Spazi espositivi alternativi

li spazi industriali sono per natura dei luoghi atipici e alternativi, per quanto riguarda l’esposizione d’arte. In questo capitolo, si vuole ripercorre la storia dei centri culturali alternativi, che svolsero il ruolo di anticipare gli spazi industriali di oggi. La nascita degli spazi alternativi fu strettamente correlata alle innovazioni nel campo artistico, quindi non sorprende, che l’impulso alla loro nascita sia avvenuto negli stessi luoghi, in cui l’avanguardia artistica si sviluppò principalmente. A New York, questi spazi alternativi fiorirono, spesso grazie alla volontà diretta degli stessi artisti, che professavano la crisi dei musei.
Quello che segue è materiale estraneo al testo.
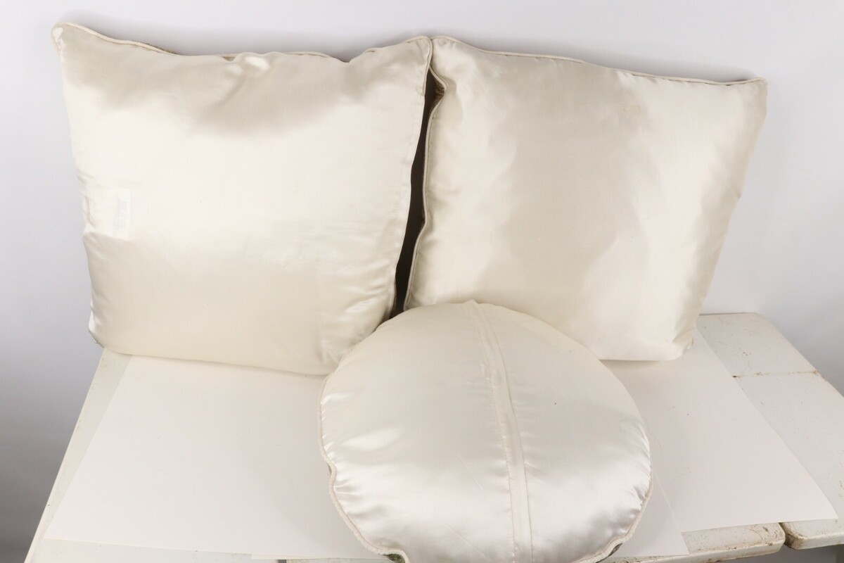 Vintage Antique Lot of 3 Satin Embroidered Finch Bird Floral Throw Pillows 16x16

Nella prima parte del capitolo, è trattato lo sviluppo del museo negli ultimi quarant’anni e le conseguenti problematiche espositive intrinseche all’istituzione, che indussero gli artisti a preferire gli spazi alternativi di New York. Si procede poi, con la storia degli spazi alternativi e con la parabola discendente, che molti di questi centri, intrapresero nel corso degli anni. Spesso questo effetto fu dovuto all’incorporazione del centro alternativo, all’interno di grandi istituzioni; processo che compromise il loro carattere innovativo e sperimentale, come accadde al P.S.1 Contemporary Art Center. Nel corso del capitolo, si esamineranno anche casi simili di centri d’arte alternativi, riscontrati in Europa.

Nella parte finale del capitolo, si parlerà infine, degli spazi alternativi attuali e di quali sviluppi della categoria, si stanno configurando all’orizzonte.